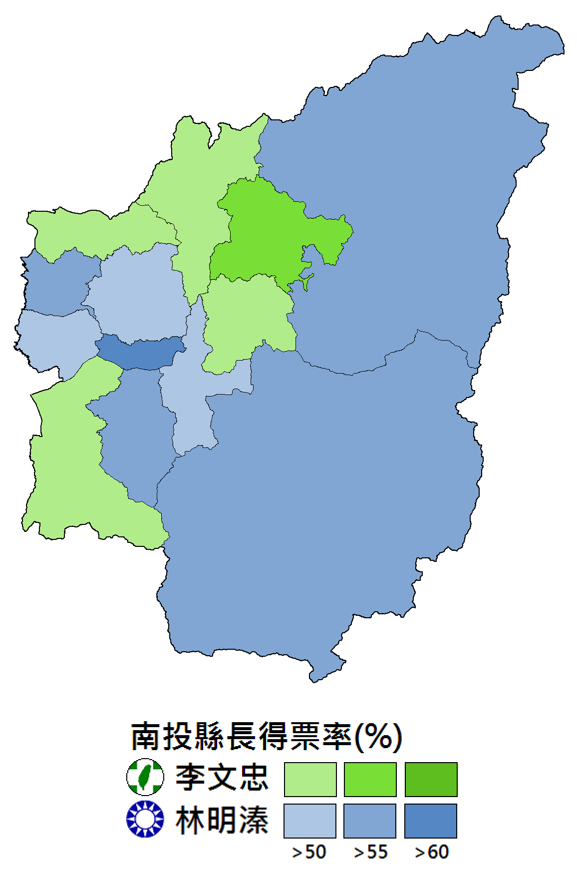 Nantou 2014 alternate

#####

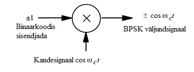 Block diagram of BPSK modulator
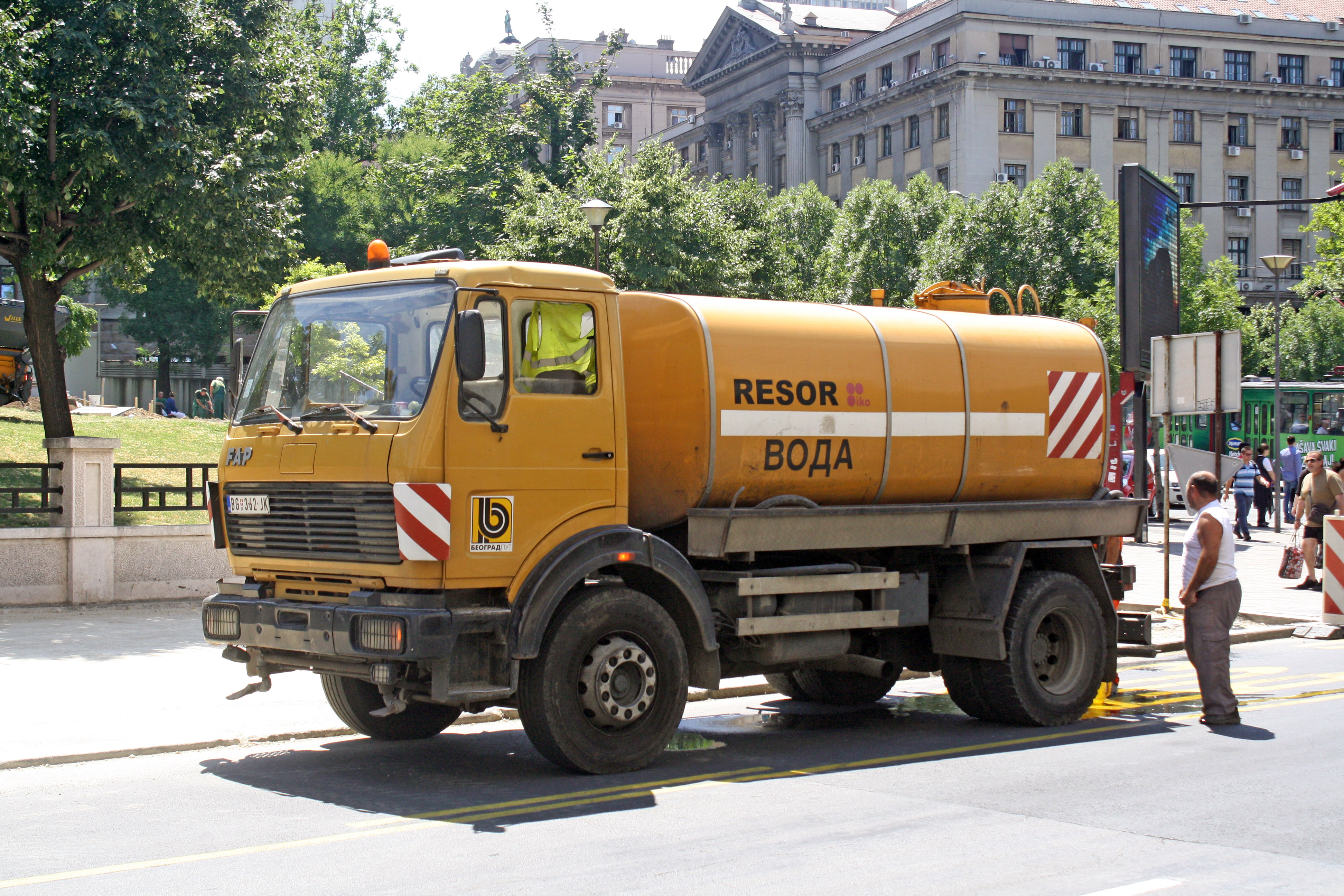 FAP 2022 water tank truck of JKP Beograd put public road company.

#####

**EXERCISE PROMPT**
Beginning with the line that contains "Block diagram of BPSK modulator" and ending with the line that contains "FAP 2022 water", reproduce the listing exactly, pictures excluded.

**RESPONSE**
 Block diagram of BPSK modulator
 FAP 2022 water tank truck of JKP Beograd put public road company.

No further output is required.